The success of targeted enrichment relies heavily on the bait set that is used in the procedure. An effective bait set must ensure comprehensive coverage of the targeted regions while minimizing the number of unique baits, as each unique bait adds to the manufacturing costs. Although complete coverage can be naïvely achieved by exhaustively listing every bait-length k-mer of the targeted regions as baits, this approach quickly becomes too costly with increasing target size. Additionally, baits can tolerate a number of mismatching base pairs when hybridizing with genetic material, allowing a single type of bait to hybridize with multiple similar yet nonidentical regions. Consequently, designing an optimal set of baits is a complex task, formulated as the NP-hard computational problem known as the Minimum Bait Cover problem (Alanko et al. 2022).

Most existing tools for designing baits limit their search space to the exact substrings of the input sequences. While this approach allows rapid bait design, it fails to exploit the fact that baits do not need to match the target sequence exactly to achieve effective hybridization. This unnecessary constraint leads to an excessive number of baits, substantially increasing sequencing costs. Indeed, recent results have shown that increasing bait length and reducing the hybridization temperatures allows for increased tolerance to mismatches (Ohrmalm et al. 2010, Miranda and Weber 2021). Recent literature reports up to 40 mismatch tolerance for baits of length 120 (Noyes et al. 2017) An alternative approach is to identify groups of similar regions within the input sequences and construct baits for these groups by solving the long-standing NP-hard Closest String problem (Kevin Lanctot et al. 2003). However, the only tool in our knowledge that uses this strategy (Chafin et al. 2018) requires multiple sequence alignments of the input sequences, making it unsuitable for applications where such resources are unavailable. Consequently, the prospect of using Closest String methods to address Minimum Bait Cover remains largely unexplored.

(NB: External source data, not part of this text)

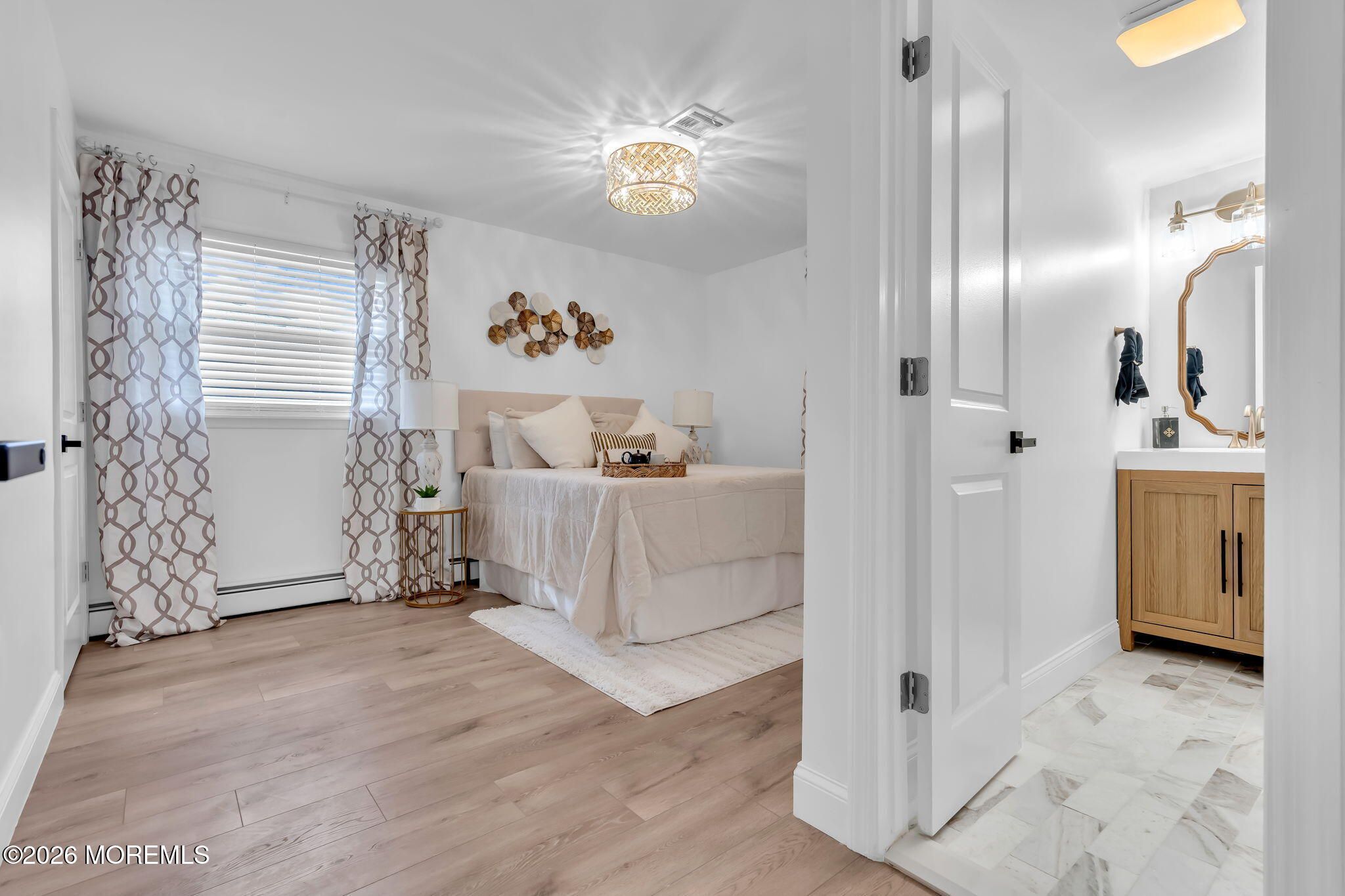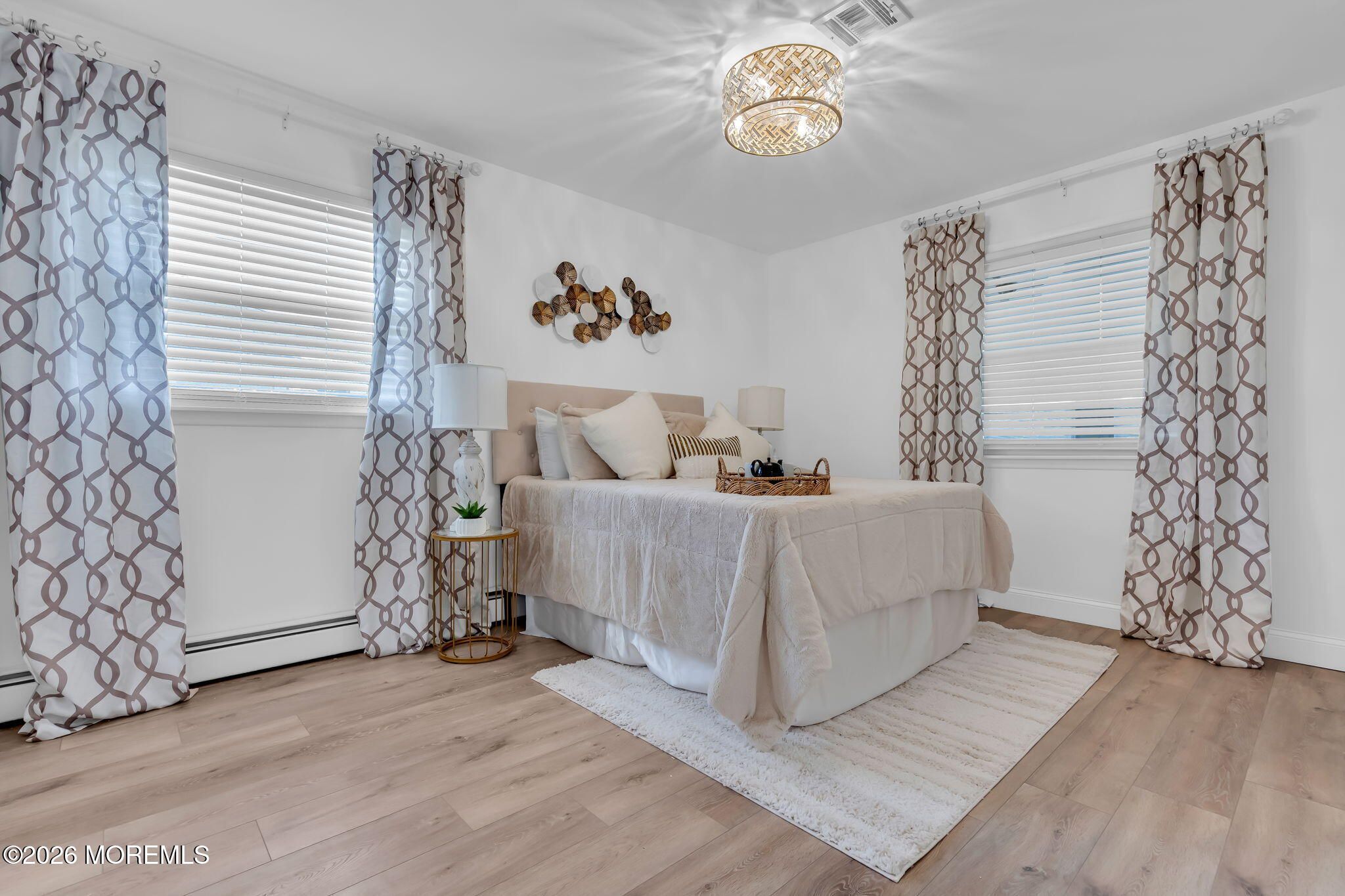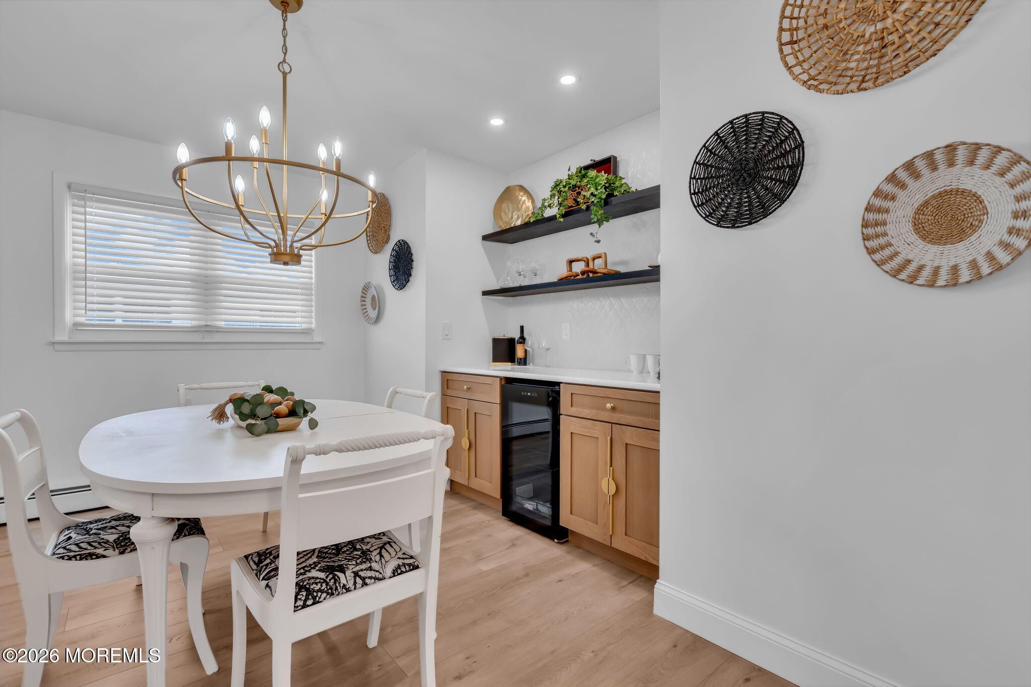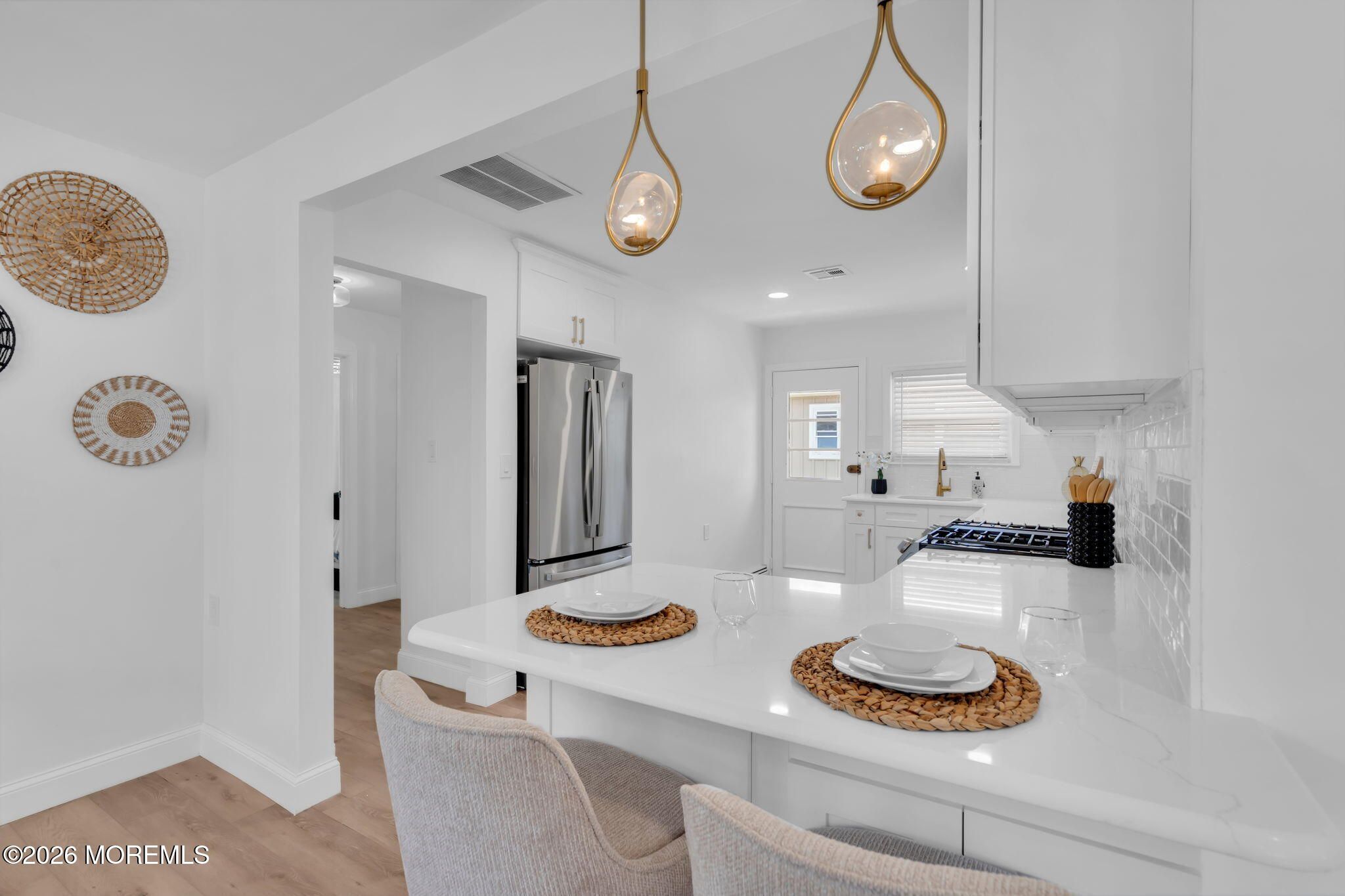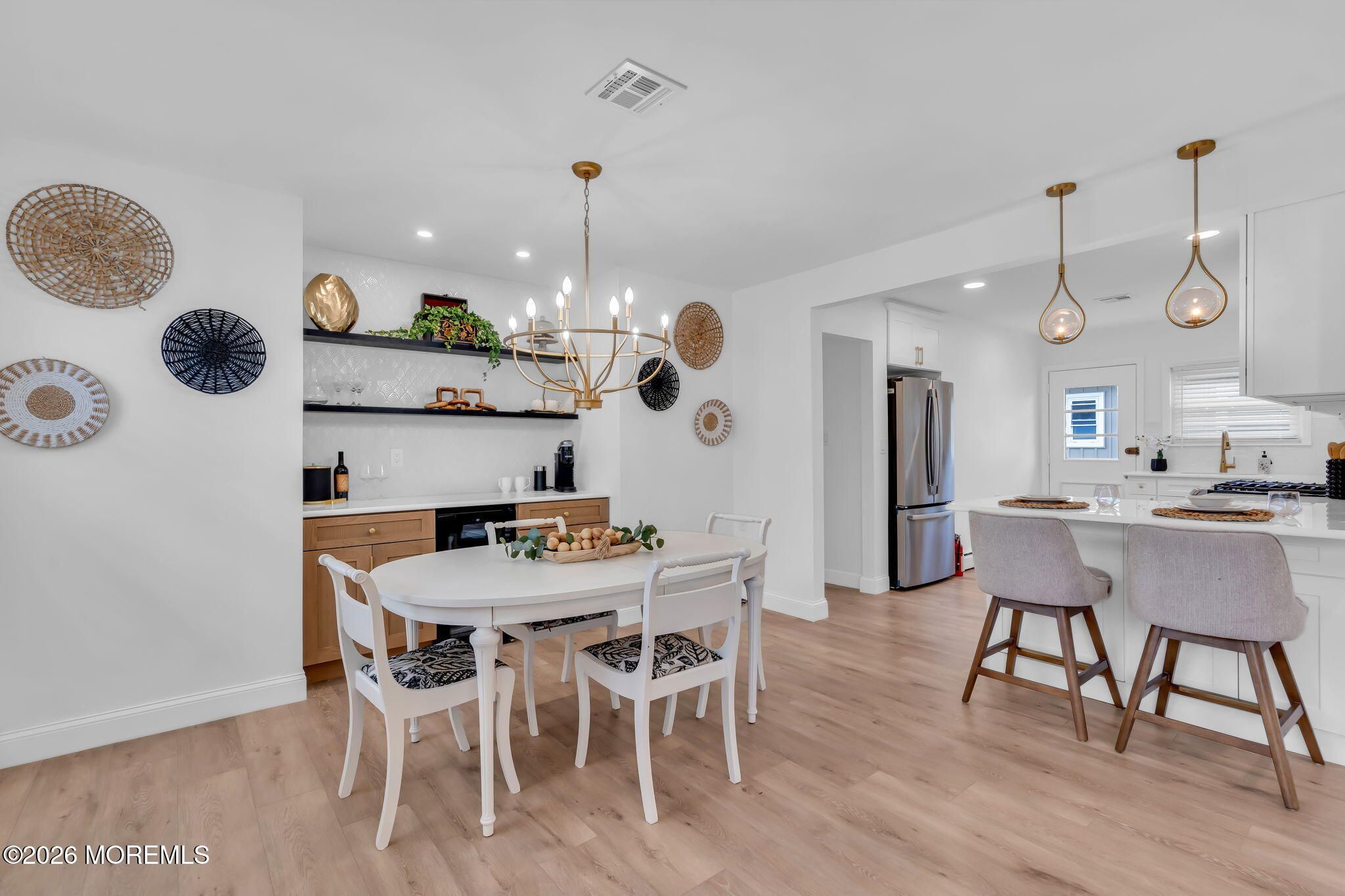 Beautiful 2BR, 2BA Sarasota model in the sought-after Holiday City Berkeley 55+ community! Approx 1,320 sqft of living space! Every detail in this home has been thoughtfully curated, showcasing high-end finishes and stylish design throughout. From gold fixtures to a stunning marble shower with custom glass doors and marble flooring, the craftsmanship is undeniable. A versatile den with barn doors offers the perfect space for a home office or possible 3rd bedroom. The living room features a striking accordion-style accent wall with an electric fireplace, creating a warm and modern focal point. The kitchen is a showstopper with quartz countertops, stainless steel appliances, decorative backsplash, round pendant lighting, and a peninsula with bar seating. Enjoy a beautifully designed dining area complete with a tiled wine and coffee bar nook and built-in wine fridge, perfect for entertaining. The spacious 4-season Florida room provides additional living space, ideal as a rec room or lounge, with dual access to the backyard. An attached bonus room offers endless possibilities for hobbies, art, or a workspace. Additional features include Laminate flooring throughout, fandeliers, recessed lighting, baseboard gas heat, and a primary suite with private bath and dual closets. Located in a vibrant community offering a clubhouse, pool, and amenities, all just a short drive to the Jersey Shore, shopping, and dining. This is truly a one-of-a-kind home--move right in and enjoy!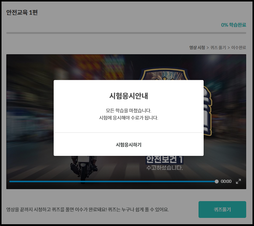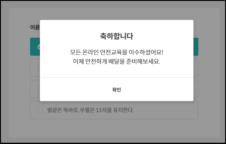 2편도 퀴즈를 다풀면 이렇게 축하한다는 창이 뜨고 안전교육이 끝나게 됩니다.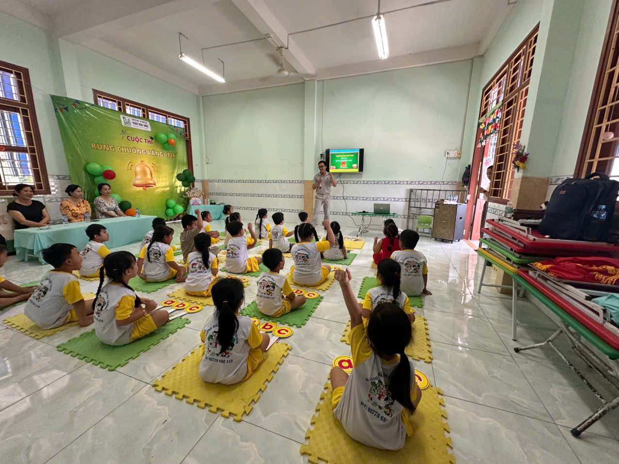 Chương trình được tổ chức trong không gian lớp học quen thuộc, với cách bố trí khoa học, đảm bảo mỗi bé có vị trí riêng và bảng trả lời cá nhân. Điều này giúp các bé tham gia một cách chủ động, tự tin và tập trung trong suốt quá trình thi. Không gian trang trí sinh động cũng góp phần tạo nên sự hứng thú cho trẻ.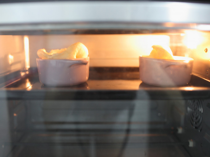 放入烤箱下層用下火200度烤15-20分鐘,烤到荷蘭鬆餅膨脹起來再移到上層用上火180度下火200度烤至表面上色就完成了。

Our contributions. We develop an algorithm named OLTA (Optimizing bait seLection for TArgeted sequencing) that leverages the related Closest String problem. OLTA initially reduces the search space for potential bait matches by constructing a set of segment groups, ensuring that a bait set only needs to cover one segment from each group in order to cover the input sequences. The algorithm then uses a greedy strategy to identify a minimal set of baits that can cover a segment from each group. We compare OLTA to several existing methods, as reviewed in the next section, using both real and synthetic datasets. Our results on AIV and MEGARES datasets demonstrate that, on average across all mismatch allowances OLTA yields 6% and 11% reduction in the number of produced baits compared to closest existing methods while maintaining the third-shortest running time. OLTA is especially more effective on large mismatch allowances, which are harder-to-solve inputs. It produces 55% and 46% fewer baits than the second-best compared algorithm (CATCH and Syotti, respectively) on AIV and MEGARES datasets, respectively.

2 Background

Designing baits for targeted enrichment is a long-standing challenge that predates the formalization of the Minimum Bait Cover problem. In this section, we summarize the methods from the literature, acknowledging that some were developed to account for additional practical constraints (e.g. GC bias) that are not considered in the problem we address. We limit our experiments to the three most recently proposed methods which we describe below.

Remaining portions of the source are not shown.